For many higher education institutions, like the University of California (UC), the fiscal losses are growing as the health emergency extends, precipitating the need for a tuition increase. As reported in a December 12 Los Angeles Times article:
Systemwide, UC took a $2.7-billion financial hit between March and October — about 6.5% of its $41.6-billion operating budget, mainly from lost income from medical centers, housing and dining, and added costs for coronavirus testing, tracing, personal protective equipment, deep cleaning and the move to online instruction.Los Angeles Times, December 12, 2020
Additionally, given the loss of state tax revenues, UC leaders expect a
$300.8-million proposed state budget cut this yearLos Angeles Times, December 12, 2020
Thus, as discussed in Fiscal Reckoning Dead Ahead and Educational Investing Quagmire, public university officials, like the UC administrators, will contend with both tuition revenue declines and state subsidy decreases. (Notably, pre-March 2020, average state subsidies for higher education were still less than 2009, having not recovered from the last economic downturn during The Great Financial Crisis).
As a result:
Chancellors and senior leaders at five of the nine UC undergraduate campuses told The Times that the staggering financial hit to their operations triggered by the coronavirus crisis and a $300.8-million proposed state budget cut this year have underscored the pressing need to open talks about tuition rates — which regents have increased just once for California students since 2011.Los Angeles Times, December 12, 2020
While no formal proposals to increase tuition have been discussed by the UC Regents, the statewide board who decides if the $12,570 UC in-state resident tuition will be raised, current and potential UC students would be prudent to prepare for tuition increases as early as Fall 2022. Additionally, as fiscal deficits grow, students would be smart to plan for reduced student support services, like career advising, as well a diminished quality of their education, if staff and faculty layoffs are necessary.

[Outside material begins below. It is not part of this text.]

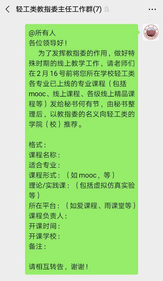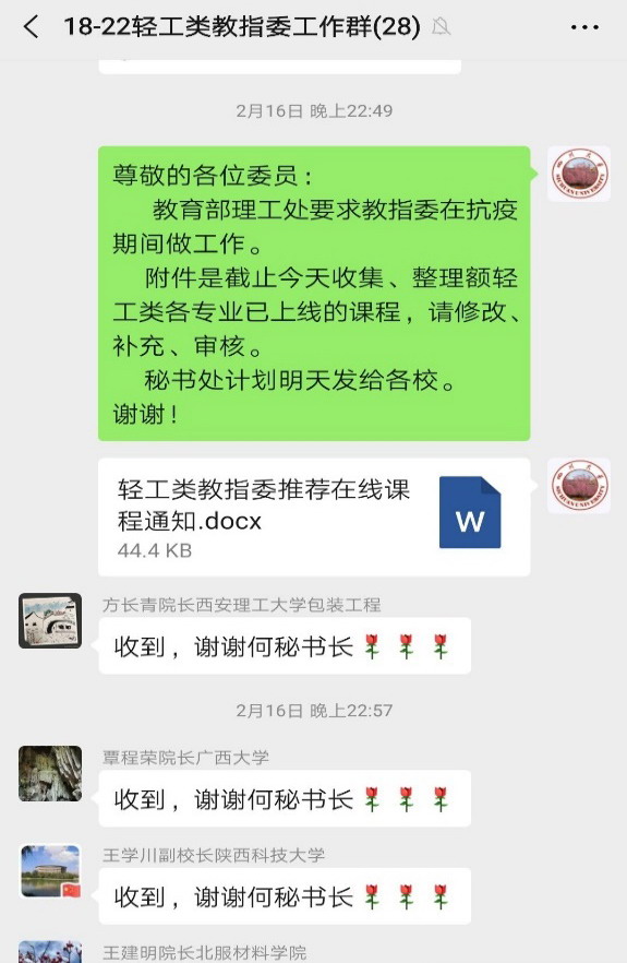 为认真贯彻落实新冠肺炎疫情防控背景下“停课不停教、停课不停学”的指示精神和工作要求,全力保障各轻工类专业有序开展在线教学工作,太阳成集团tyc33455cc作为教育部高等搜狗轻工类专业教指委主任委员单位,在教指委主任石碧院士的组织策划下,于2月10日起收集整理全国轻工类各高校的在线专业课程资源,经教指委主任网络会议集中审议通过后,以轻工类教指委的名义向全国轻工类院校及专业推荐使用,并得到各轻工类院校及专业的积极响应和推广。

Given students’ current dismay about their college educations, discussions about tuition increases may be ill-timed, yet necessary. The question is: will students continue to pay more for college believing that a college degree is necessary for economic prosperity? As more young college graduates move home, are underemployed (working jobs that don’t require a college degree) and possibly saddled with student debt, delaying their household formation, like marriage or buying a house, will demand for a college education remain steady?